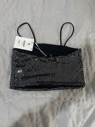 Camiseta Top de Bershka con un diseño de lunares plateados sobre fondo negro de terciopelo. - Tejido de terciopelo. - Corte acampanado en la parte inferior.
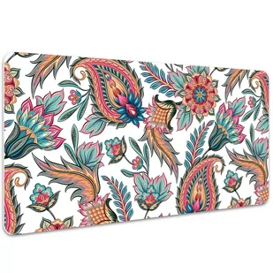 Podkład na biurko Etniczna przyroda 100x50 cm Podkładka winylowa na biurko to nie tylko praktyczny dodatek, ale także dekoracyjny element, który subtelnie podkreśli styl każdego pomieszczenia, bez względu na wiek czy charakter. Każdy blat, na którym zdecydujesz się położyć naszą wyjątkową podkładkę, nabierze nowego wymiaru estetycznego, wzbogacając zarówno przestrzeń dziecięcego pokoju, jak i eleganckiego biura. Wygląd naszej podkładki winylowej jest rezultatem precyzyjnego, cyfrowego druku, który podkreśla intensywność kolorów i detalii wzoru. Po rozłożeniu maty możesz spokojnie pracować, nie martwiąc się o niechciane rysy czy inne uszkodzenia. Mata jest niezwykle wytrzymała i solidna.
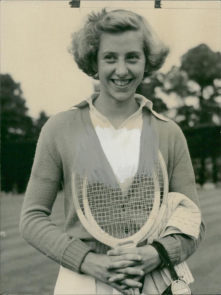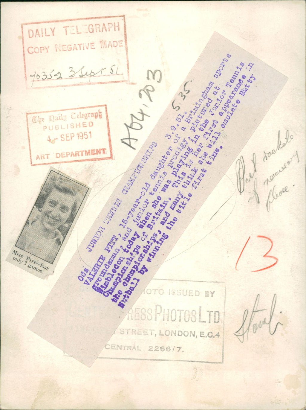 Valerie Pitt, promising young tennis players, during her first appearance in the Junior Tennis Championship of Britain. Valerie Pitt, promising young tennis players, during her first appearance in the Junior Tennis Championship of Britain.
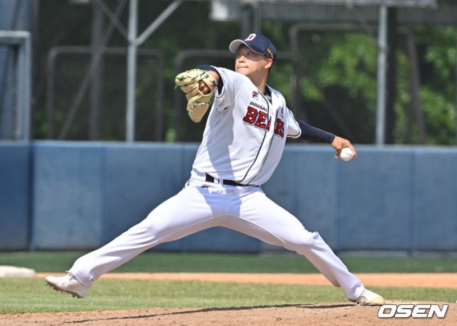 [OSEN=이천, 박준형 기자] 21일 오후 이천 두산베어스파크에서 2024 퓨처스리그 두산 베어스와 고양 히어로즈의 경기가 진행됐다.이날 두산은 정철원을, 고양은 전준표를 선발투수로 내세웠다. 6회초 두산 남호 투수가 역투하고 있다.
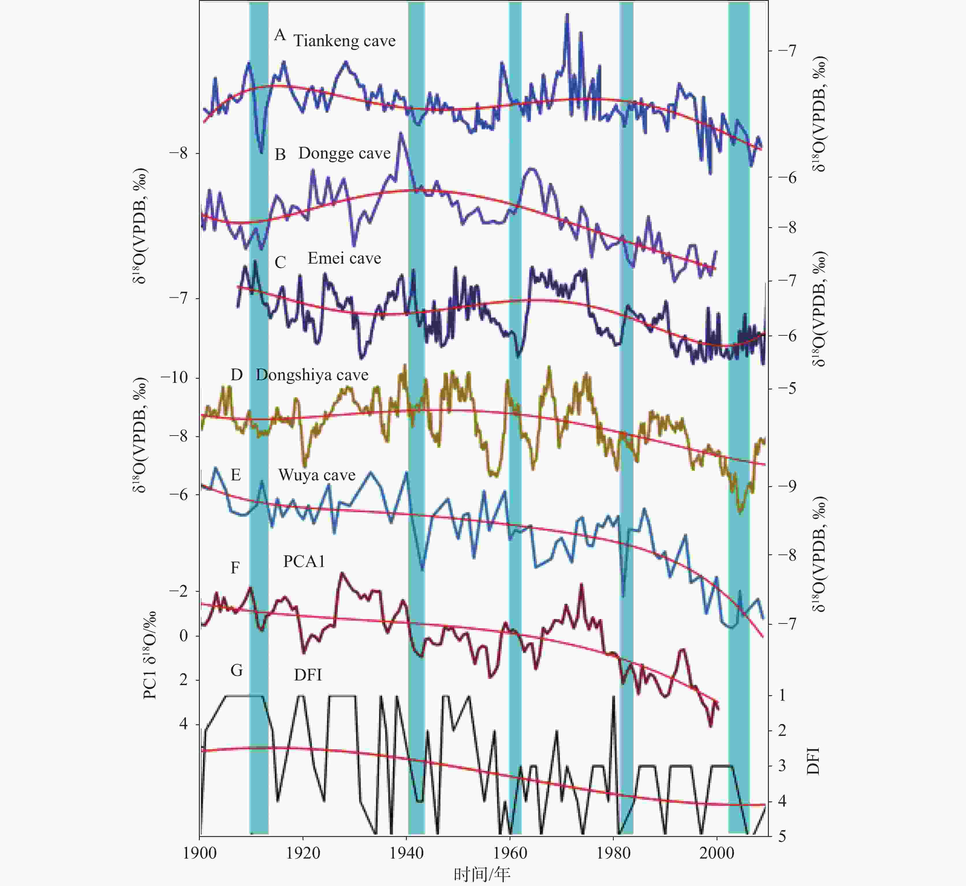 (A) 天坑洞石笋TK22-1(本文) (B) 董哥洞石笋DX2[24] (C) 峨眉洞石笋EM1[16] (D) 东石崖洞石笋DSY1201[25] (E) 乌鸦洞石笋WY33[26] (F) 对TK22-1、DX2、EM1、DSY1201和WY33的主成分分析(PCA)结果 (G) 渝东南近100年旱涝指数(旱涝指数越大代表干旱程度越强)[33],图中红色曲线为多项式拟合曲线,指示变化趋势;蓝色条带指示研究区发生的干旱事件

...

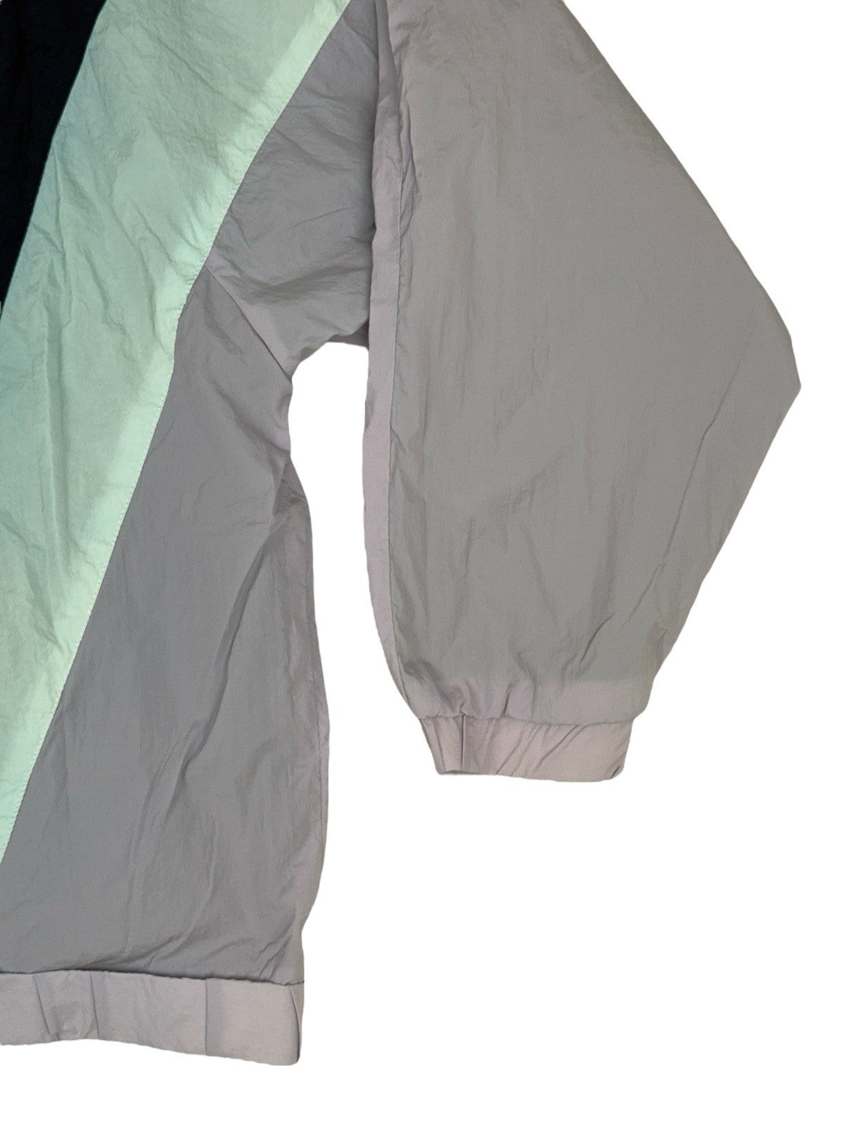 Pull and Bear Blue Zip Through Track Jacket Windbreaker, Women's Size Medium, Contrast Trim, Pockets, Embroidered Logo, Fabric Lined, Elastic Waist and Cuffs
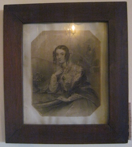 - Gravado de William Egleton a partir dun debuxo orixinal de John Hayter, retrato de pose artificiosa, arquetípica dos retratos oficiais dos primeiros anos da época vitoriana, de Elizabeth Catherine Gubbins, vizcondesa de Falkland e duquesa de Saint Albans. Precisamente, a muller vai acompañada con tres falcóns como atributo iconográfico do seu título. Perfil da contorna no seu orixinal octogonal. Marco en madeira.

→ Required work
Above are some records; quote exactly and only the lines that begin at the line containing "Camiseta Top de" and stop after the line containing "Podkład na biurko", leaving out the pictures.

→ Answer area
 Camiseta Top de Bershka con un diseño de lunares plateados sobre fondo negro de terciopelo. - Tejido de terciopelo. - Corte acampanado en la parte inferior.
 Podkład na biurko Etniczna przyroda 100x50 cm Podkładka winylowa na biurko to nie tylko praktyczny dodatek, ale także dekoracyjny element, który subtelnie podkreśli styl każdego pomieszczenia, bez względu na wiek czy charakter. Każdy blat, na którym zdecydujesz się położyć naszą wyjątkową podkładkę, nabierze nowego wymiaru estetycznego, wzbogacając zarówno przestrzeń dziecięcego pokoju, jak i eleganckiego biura. Wygląd naszej podkładki winylowej jest rezultatem precyzyjnego, cyfrowego druku, który podkreśla intensywność kolorów i detalii wzoru. Po rozłożeniu maty możesz spokojnie pracować, nie martwiąc się o niechciane rysy czy inne uszkodzenia. Mata jest niezwykle wytrzymała i solidna.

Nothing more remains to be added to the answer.